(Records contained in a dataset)
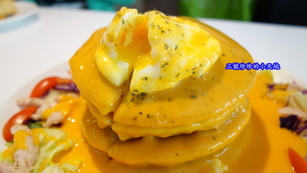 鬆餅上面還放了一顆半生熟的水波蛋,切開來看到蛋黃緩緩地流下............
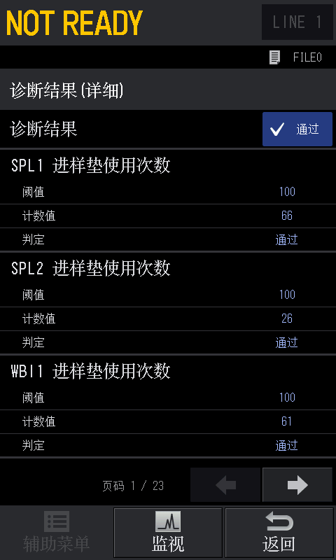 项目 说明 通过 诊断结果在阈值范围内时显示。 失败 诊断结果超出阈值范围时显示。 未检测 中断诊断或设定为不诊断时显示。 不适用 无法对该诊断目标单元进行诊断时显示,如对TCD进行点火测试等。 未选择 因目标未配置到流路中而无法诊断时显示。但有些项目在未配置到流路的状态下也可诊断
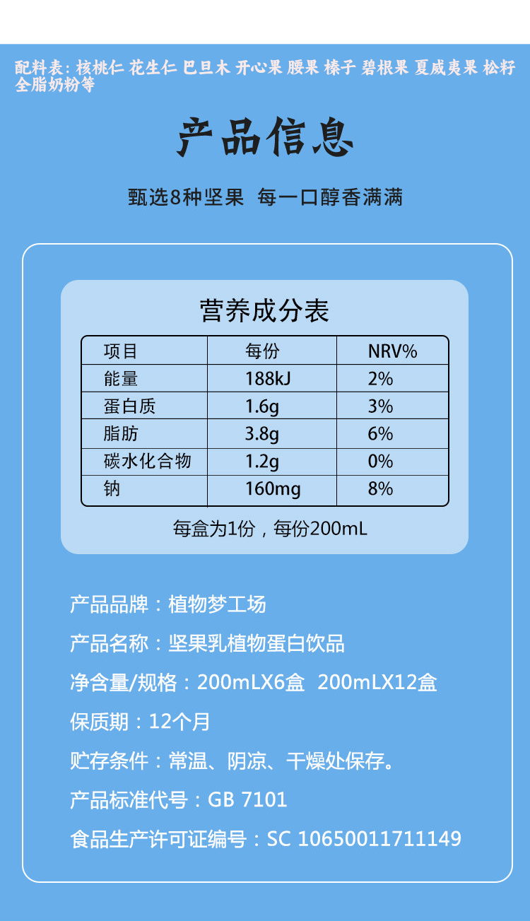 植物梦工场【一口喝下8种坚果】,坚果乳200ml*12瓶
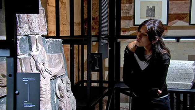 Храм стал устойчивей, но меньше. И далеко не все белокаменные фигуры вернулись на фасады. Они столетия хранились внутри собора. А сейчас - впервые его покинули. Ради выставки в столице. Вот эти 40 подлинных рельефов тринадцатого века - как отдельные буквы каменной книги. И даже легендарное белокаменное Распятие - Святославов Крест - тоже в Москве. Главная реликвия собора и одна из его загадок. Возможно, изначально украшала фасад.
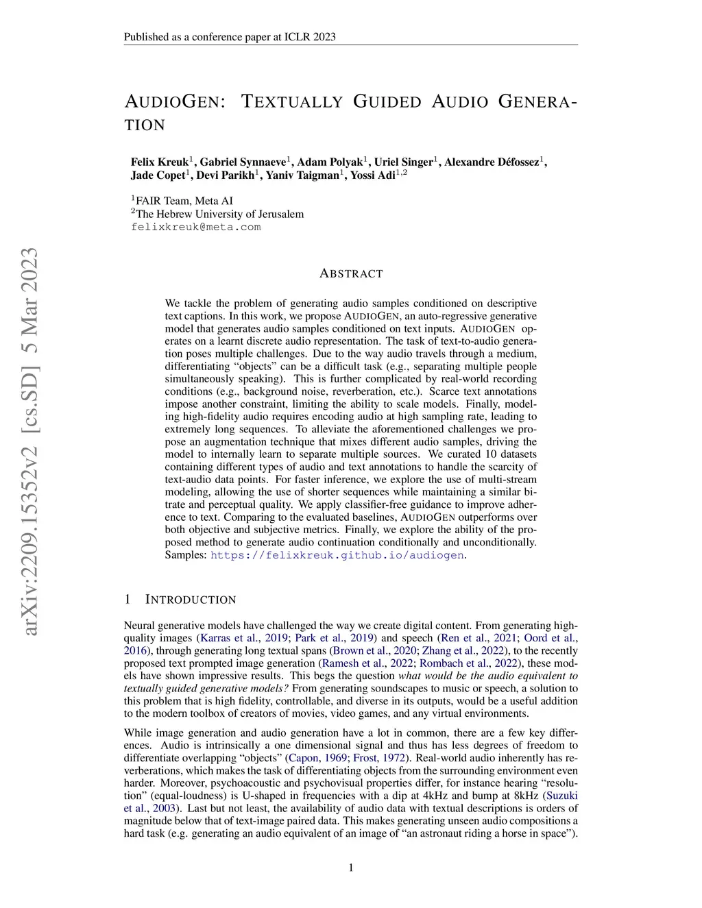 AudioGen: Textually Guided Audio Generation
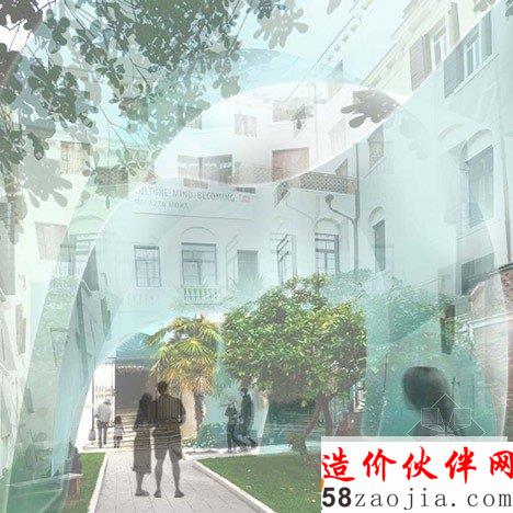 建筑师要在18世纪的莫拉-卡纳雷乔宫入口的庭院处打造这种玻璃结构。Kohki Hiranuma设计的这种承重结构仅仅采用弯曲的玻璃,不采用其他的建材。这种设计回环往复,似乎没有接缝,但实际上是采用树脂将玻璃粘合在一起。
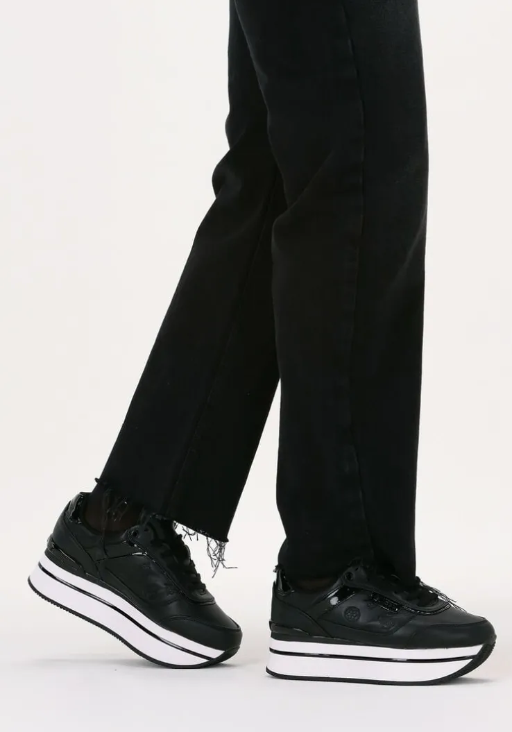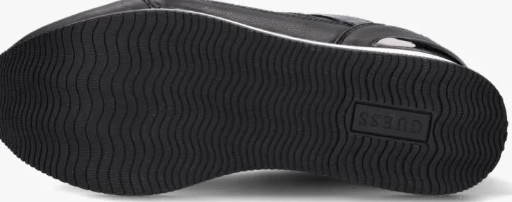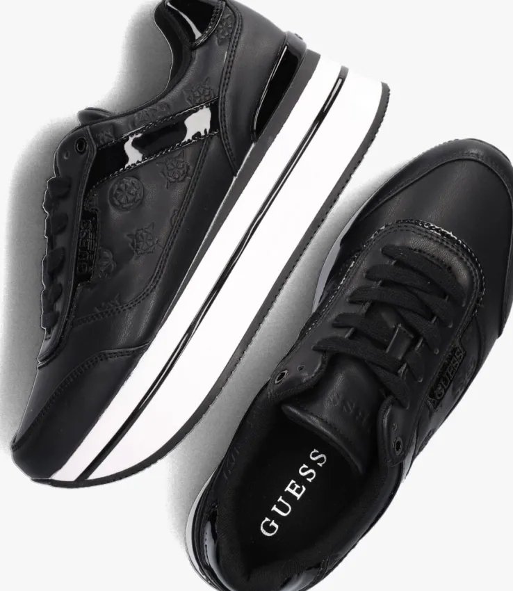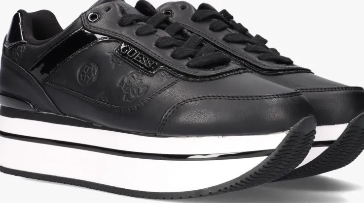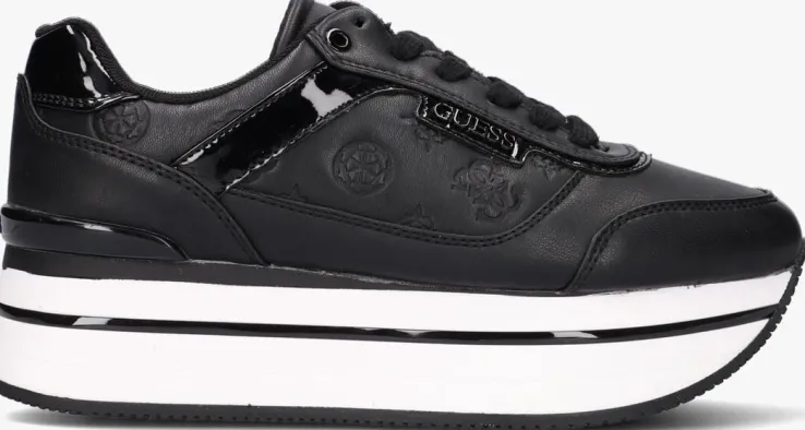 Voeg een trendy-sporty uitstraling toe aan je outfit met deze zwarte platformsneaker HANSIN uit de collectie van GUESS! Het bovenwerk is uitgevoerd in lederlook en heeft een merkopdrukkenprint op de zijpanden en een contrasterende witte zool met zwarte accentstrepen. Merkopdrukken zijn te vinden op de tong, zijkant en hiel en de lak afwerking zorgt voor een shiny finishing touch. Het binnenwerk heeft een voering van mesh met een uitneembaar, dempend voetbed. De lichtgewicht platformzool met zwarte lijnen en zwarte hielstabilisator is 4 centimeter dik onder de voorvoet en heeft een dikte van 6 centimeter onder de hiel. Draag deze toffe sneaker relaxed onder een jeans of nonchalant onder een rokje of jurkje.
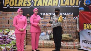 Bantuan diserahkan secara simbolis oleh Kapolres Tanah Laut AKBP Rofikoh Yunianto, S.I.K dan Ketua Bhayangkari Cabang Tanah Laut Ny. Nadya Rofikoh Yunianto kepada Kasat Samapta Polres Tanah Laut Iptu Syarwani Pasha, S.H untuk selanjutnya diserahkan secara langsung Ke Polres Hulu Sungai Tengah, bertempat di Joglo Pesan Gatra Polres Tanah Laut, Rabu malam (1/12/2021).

EXERCISE GOAL: Within these entries, output exactly the lines starting at the one with "Храм стал устойчивей, но" and finishing at the one with "建筑师要在18世纪的莫拉-卡". Leave pictures out of the output.

SOLUTION TO THIS EXERCISE:
 Храм стал устойчивей, но меньше. И далеко не все белокаменные фигуры вернулись на фасады. Они столетия хранились внутри собора. А сейчас - впервые его покинули. Ради выставки в столице. Вот эти 40 подлинных рельефов тринадцатого века - как отдельные буквы каменной книги. И даже легендарное белокаменное Распятие - Святославов Крест - тоже в Москве. Главная реликвия собора и одна из его загадок. Возможно, изначально украшала фасад.
 AudioGen: Textually Guided Audio Generation
 建筑师要在18世纪的莫拉-卡纳雷乔宫入口的庭院处打造这种玻璃结构。Kohki Hiranuma设计的这种承重结构仅仅采用弯曲的玻璃,不采用其他的建材。这种设计回环往复,似乎没有接缝,但实际上是采用树脂将玻璃粘合在一起。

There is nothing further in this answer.